"El retrato del pintor" de Carlos Mora Mesa

01.03.2021

La historia que me dispongo a narrar, puede parecer increíble, pero sucedió tal y como os la voy a contar, y cierto es, que aquí, junto a las llamas de la lumbre, dé cierto pavor escucharla. Hace tiempo que me preguntáis por la casa que hay detrás de la parroquia del Señor San Sebastián, aquí en la aldea de Los Palacios de Guadalmez, y porqué esa casa tiene puertas y ventanas tapiadas con adobes. Por miedo, esa es la respuesta. Y es que en esa casa vivió hace años una viuda, la tía Catalina, como era conocida entre sus vecinos. Catalina tenía un hijo, que desde muy joven demostró una gran sensibilidad artística, y nuestro señor, don Luis, marqués de Comares, se empeñó en que el joven Diego aprendiera el arte de la pintura con los grandes maestros de la Corte. Allí le envió pagándolo de su propio peculio, y allí, el hijo de Catalina descubrió la magia de los colores, la volatilidad de las formas y el embrujo de las miradas, impregnando de barroquismo cada una de sus pinceladas. Pronto se hizo un nombre entre el gremio de pintores, y casas nobiliarias e iglesias se disputaban sus servicios.

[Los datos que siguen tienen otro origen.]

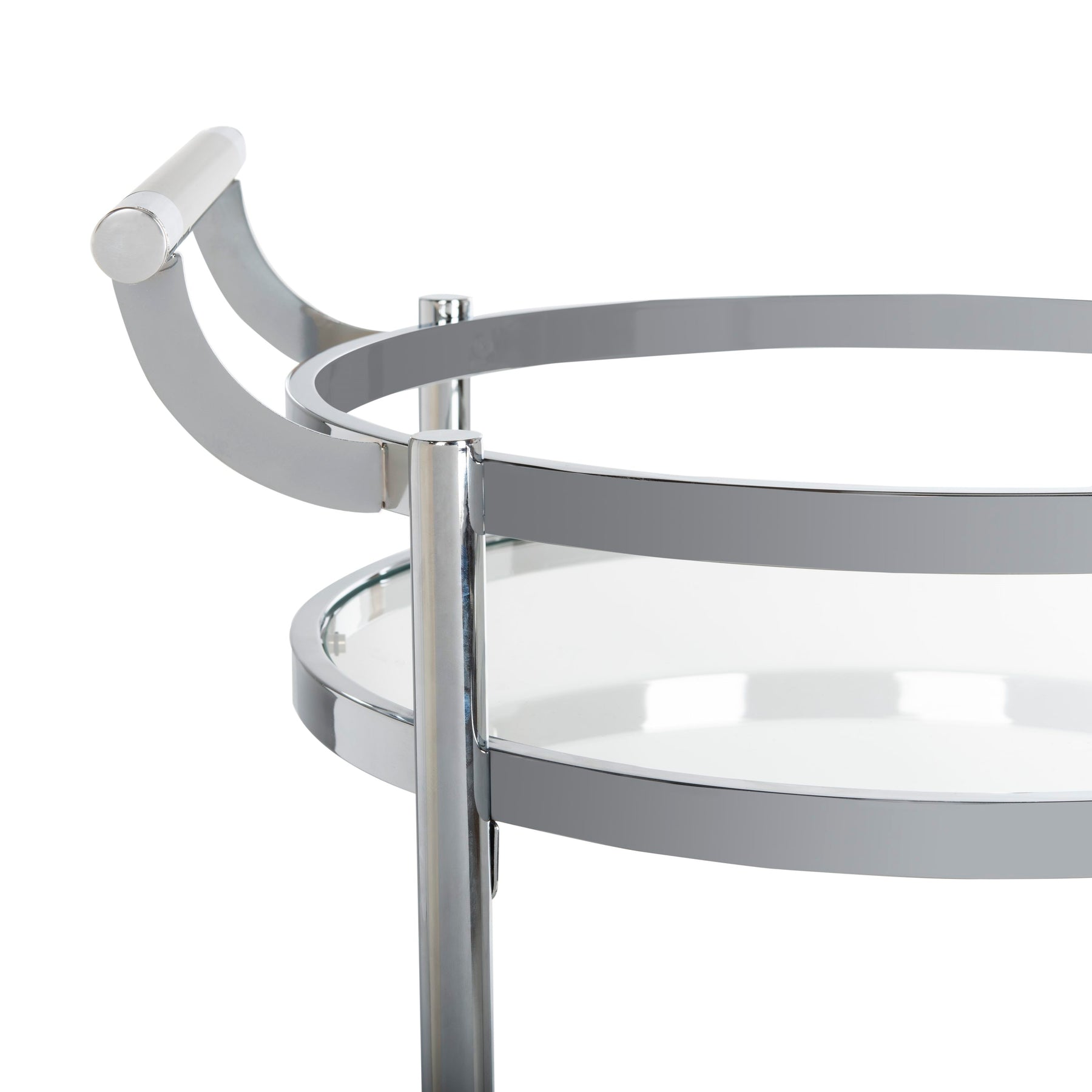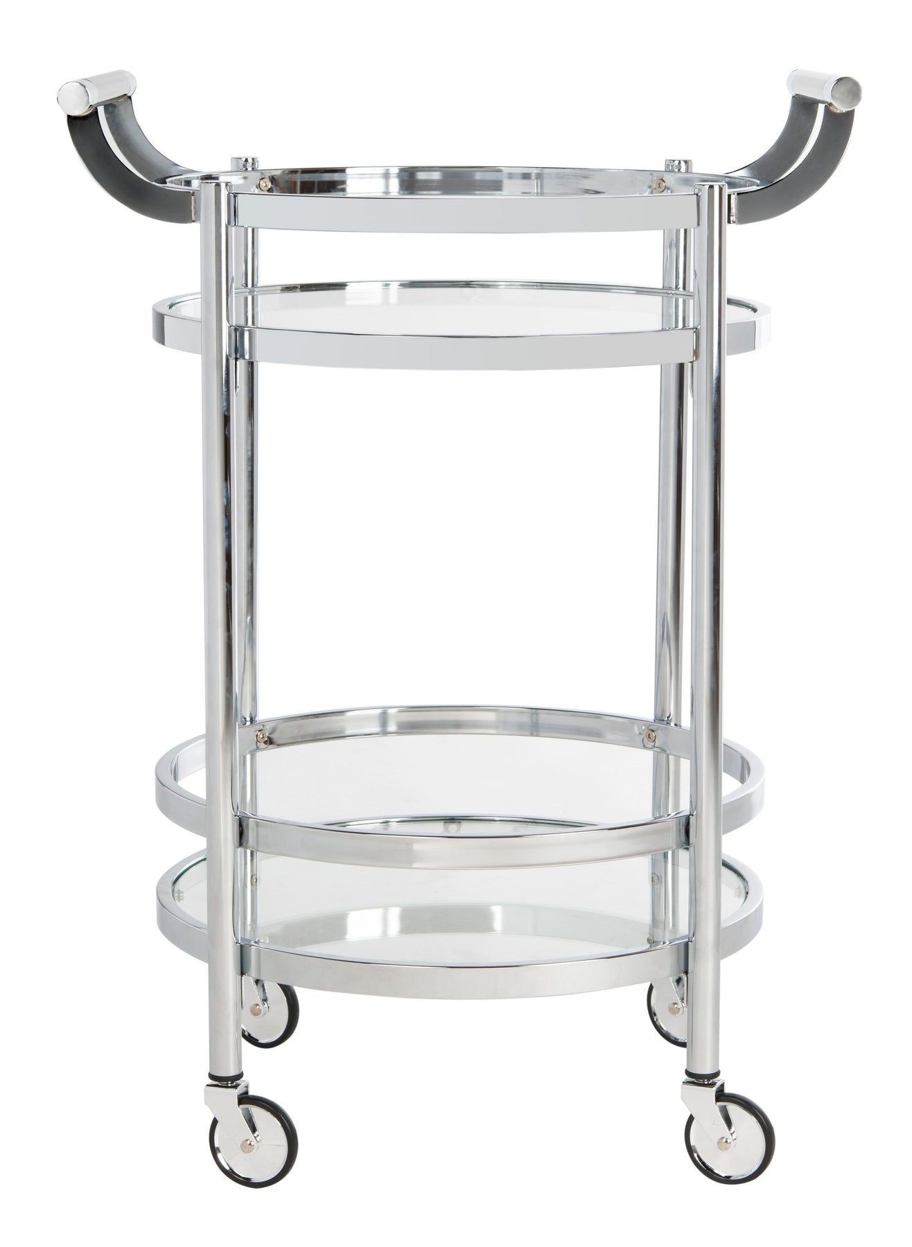 This Safavieh rolling kitchen cart features a gleaming chrome metal frame with two tempered glass shelves for sleek storage and serving. Compact yet functional, its round, 2-tier design and smooth-rolling casters make it perfect for entertaining or adding mobile storage to modern kitchens.

Pero una ventosa tarde otoñal, un viajero llegó hasta la aldea y preguntó por la tía Catalina. Era un amigo de Diego en Madrid, y se dirigía a Sevilla, en busca de las ofertas de trabajo que en la Villa y Corte no le ofrecían. Traía una dolorosa noticia para Catalina, su hijo Diego había fallecido el pasado verano, y ya moribundo, le había rogado a su amigo que se acercara hasta Guadalmez, para comunicárselo a su madre y le llevara un cuadro que acababa de terminar. Era su autorretrato, una obra de gran realismo, donde el mismo Diego parecía haber plasmado su alma.

Pronto comenzó a rumorearse en la aldea que la tía Catalina hablaba con el retrato de su hijo, y había quien afirmaba que incluso se oía una voz masculina en esas conversaciones. Y lo más curioso es que Catalina, que desde la noticia del fallecimiento de Diego, no salía de casa, comenzó a visitar a vecinos, a quienes al día siguiente había que dar cristiana sepultura, en el pequeño cementerio que había al norte de la iglesia parroquial. Ella decía que venía a despedirse, y no daba más explicaciones, y lo cierto es que de aquella persona de la que se despedía, pronto se veía obligado el sacristán a tocar las campanas a muerto por su eterno.

Los años pasaban, y cada vez que Catalina salía de casa a visitar a alguien, medio pueblo iba de entierro al día siguiente, por lo que no tardó mucho en encontrarse Carlos Mora Mesa 2 con puertas atrancadas, ventanas con los postigos echados y gente que cambiaba el rumbo para no cruzarse con ella. A ella le daba igual, su misión era avisar, y ella avisaba, ya fuera tocando en la puerta o susurrando un adiós junto a la ventana.

Para el cura, don Miguel, aquello sólo podía ser obra del diablo y artes de hechicería, y convenció a Juana, la mujer del sacristán, para que se acercara un día a casa de Catalina a ver que era lo que se cocía allí dentro. La pobre Juana salió blanca de la casa, y contó a todo el que quiso escucharla, que el retrato de Diego hablaba, y que se había dirigido a ella para anunciarle que no llegaría viva al día de Navidad, y estaban a 22 de diciembre. Dos días más tarde, don Miguel ofició una misa de funeral por el alma de Juana, entre los sollozos del inconsolable sacristán. Ya estaba resuelto el misterio.

También le llegó el turno, unos años más tarde, a la propia Catalina, y la tarde anterior a su deceso, se acercó a la casa de sus vecinos para pedir que al día siguiente, cuando el sol comenzara a ponerse, entraran en su casa para amortajarla, porque, por fin, su hijo Diego, le había contado que volverían a reunirse. A su muerte, nadie quiso saber nada más del retrato de Diego, y por ello se tapiaron puertas y ventanas.